---------- Data supplied ----------

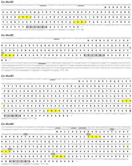 Nucleotide sequences of the En-MsrB genes and deduced amino acid sequences. In the nucleotide sequences, the telomeric repeats are in italics, the 5’ leader and 3’ trailer regions in lower case letters and the open reading frame in capital letters. The putative transcriptional regulation and polyadenylation signals are underlined, and the in-frame TGA codons highlighted in grey. In the amino acid sequences, the CXXC motifs and the catalytic sites are highlighted in yellow and grey, respectively, and the catalytic and the resolving cysteines are highlighted in red and green, respectively.
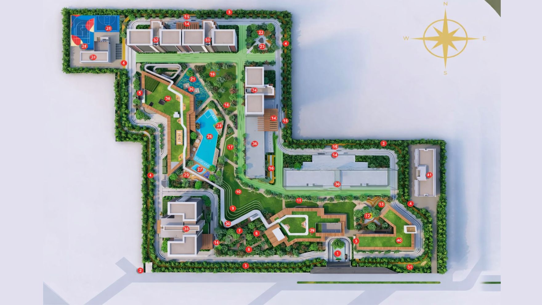 Birla Navya Avik offers premium amenities, including four clubhouses, meditation decks, reflexology path, nature walk, celebration lawn, half Olympic and kids’ pools, outdoor gym, tennis and half basketball courts, jogging and cycling tracks, pet park, yoga lawn, amphitheatre, and beautifully landscaped greens.
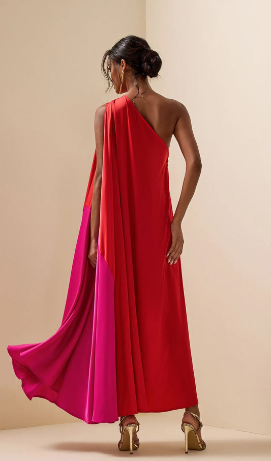 27% İndirimRenk Bloklu Saten Maksi Elbise
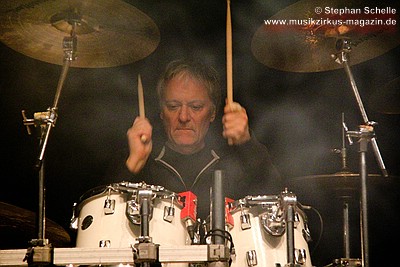 sein unvergleichliches Drumsolo ein, bei dem er wieder seine Schlagstücke
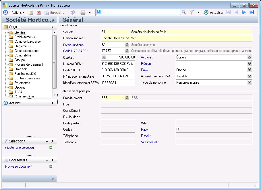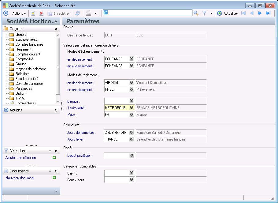 Cette zone permet de renseigner le pays d'après les informations contenues dans la table des pays. Le pays proposé par défaut correspond à celui de l'établissement indiqué dans la fiche société.
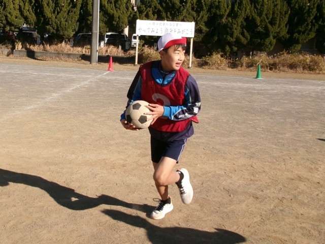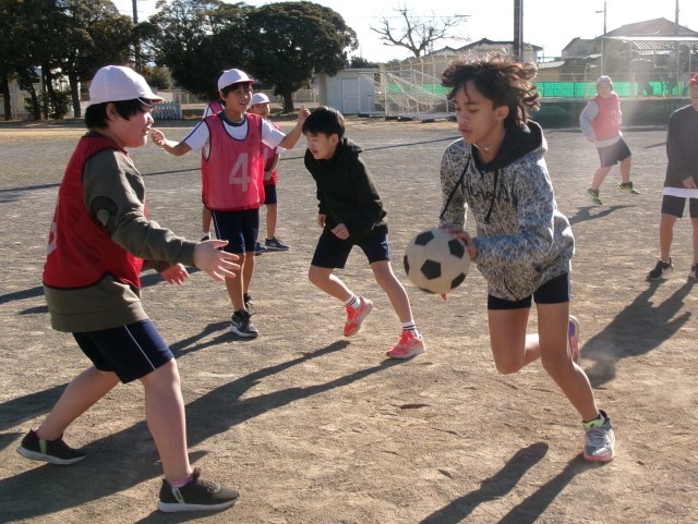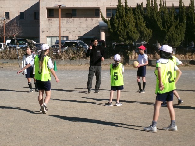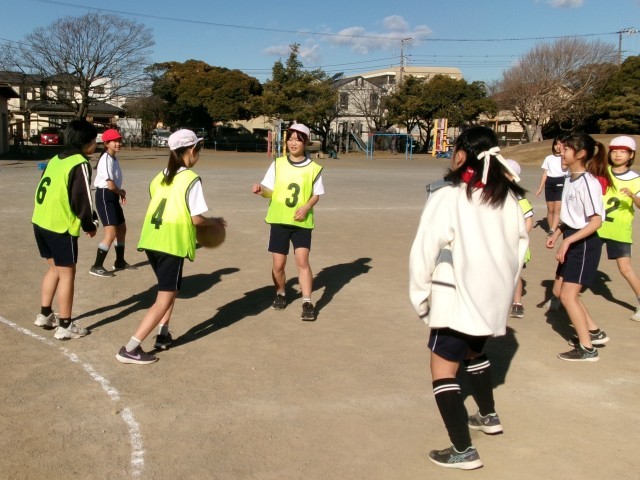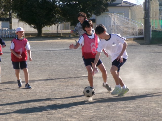 6年3組の体育の授業の様子です。サッカーの授業です。導入では、サッカーですがボールをバスケットボールのようにドリブルするなど手を使って回し、ボールを持っていない子の動きを考えています。
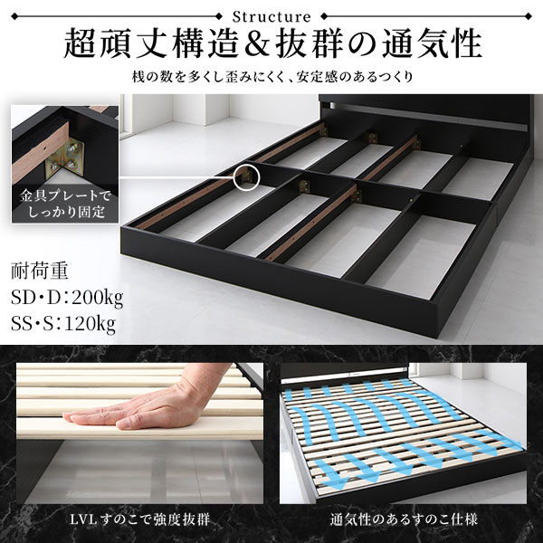 ※すのこは、セミシングル・シングルは2分割、セミダブル・ダブルは4分割
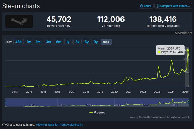 每当一款多人合作独立游戏爆火时,《Spacewar!》的在线玩家数都会迎来飙升。不过,对于这种情况V社并未进行处理。
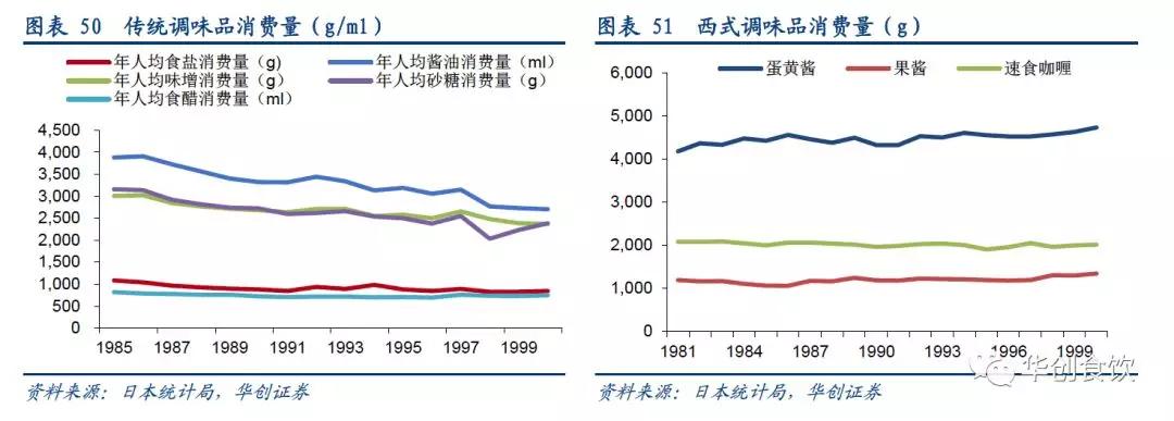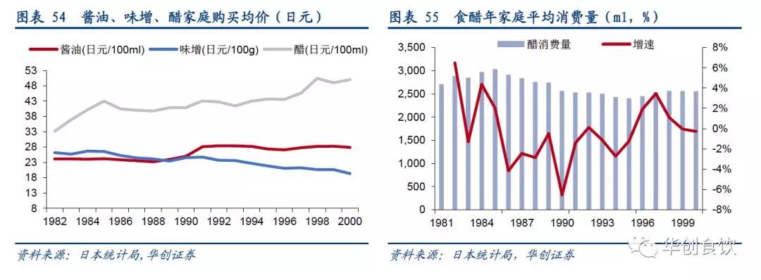 酱油朝健康化升级,食醋价格稳步提升。20世纪80年代初期,日本酱油主要以脱脂大豆作为加工原料,产品均价在24日元/100ml左右。90年代前后,日本酱油行业进行产品健康化升级,用全大豆替代脱脂大豆作为原料,氨基酸含量提升,其购买均价提升到28日元/100ml,并在90年代期间保持稳定。此外,由于食醋具备抗疲劳、降血压血脂、促消化等保健属性,食醋产品均价则从1990年的40.9日元/100ml提升到2000年的50.0日元/100ml。
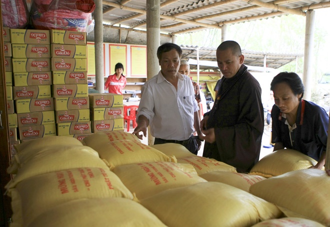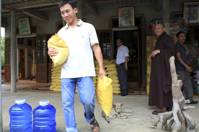 Đại đức Thích Tâm Hiệp, trụ trì Am Thụy ứng, đã kêu gọi được 4 tấn gạo cùng hàng trăm thùng mỳ từ các nhà hảo tâm để ủng hộ bà con Hải Vĩnh.
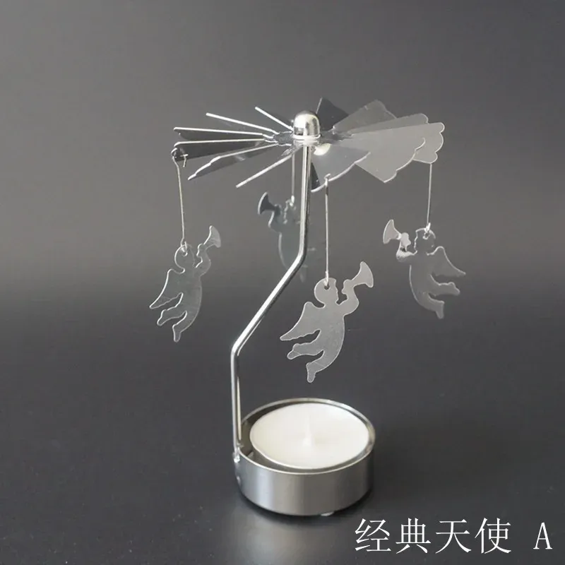 Spinning Rotary Metal Carousel Tea Light Candle Holder Stand Light Xmas Gift Candelabra Christmas Decorations for Home Features:

----------

Exact copy, no pictures. Write out the lines in the entries above, starting with the line with "27% İndirimRenk Bloklu Saten Maksi Elbise" and going on through the line with "Cette zone permet", keeping both.

 27% İndirimRenk Bloklu Saten Maksi Elbise
 sein unvergleichliches Drumsolo ein, bei dem er wieder seine Schlagstücke
 Cette zone permet de renseigner le pays d'après les informations contenues dans la table des pays. Le pays proposé par défaut correspond à celui de l'établissement indiqué dans la fiche société.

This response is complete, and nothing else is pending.